── Information provided

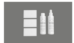
> Weblink 40.001.509.00 / CHF 29.- Reinigungsset Easy Care für Granitspülen
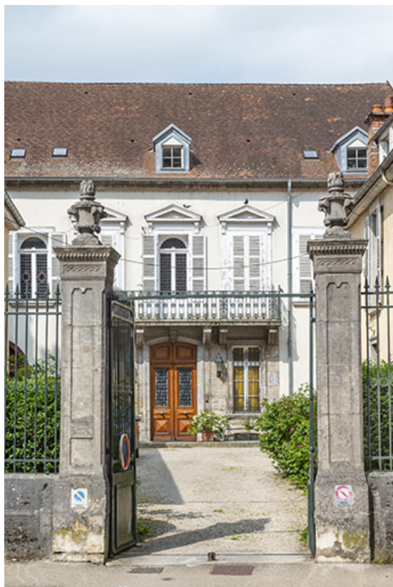
Vue depuis la rue de la République : porte de la cour et façade antérieure.

39, Salins-les-Bains, 20-22 rue de la République
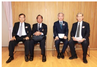
ท่านนายกและคณะกรรมการ ส.น.ญ.
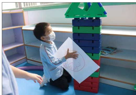
「我可以將時鐘放在鐘樓的最上方。」

為了在早期階段激發兒童的好奇心和創造力，我們運用了各種材料、工具和設備以提升兒童的探索性學習，讓他們學會彼此溝通和尊重他人的意見。此外，關愛文化亦是培養兒童自主學習和領導才能的關鍵。明愛聖方濟各幼稚園在接受教育局質素評核期間，局方對這項成果予以肯定。
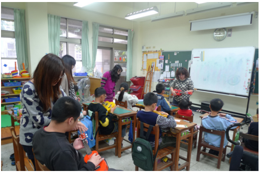
全腦班烏克麗麗教學課程開發聽觸覺感受力。
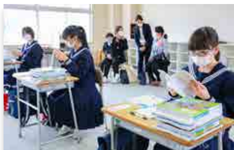
受け取った教科書を確認する中学生
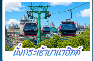
นั่งกระเช้าฮานเออิล
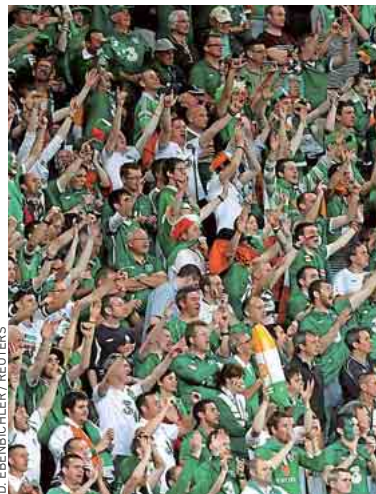
Les fans irlandais, à Poznan.

────

**Try it**
Please print the listing above again word for word, without its pictures.

**Reply**
> Weblink 40.001.509.00 / CHF 29.- Reinigungsset Easy Care für Granitspülen
Vue depuis la rue de la République : porte de la cour et façade antérieure.

39, Salins-les-Bains, 20-22 rue de la République
ท่านนายกและคณะกรรมการ ส.น.ญ.
「我可以將時鐘放在鐘樓的最上方。」

為了在早期階段激發兒童的好奇心和創造力，我們運用了各種材料、工具和設備以提升兒童的探索性學習，讓他們學會彼此溝通和尊重他人的意見。此外，關愛文化亦是培養兒童自主學習和領導才能的關鍵。明愛聖方濟各幼稚園在接受教育局質素評核期間，局方對這項成果予以肯定。
全腦班烏克麗麗教學課程開發聽觸覺感受力。
受け取った教科書を確認する中学生
นั่งกระเช้าฮานเออิล
Les fans irlandais, à Poznan.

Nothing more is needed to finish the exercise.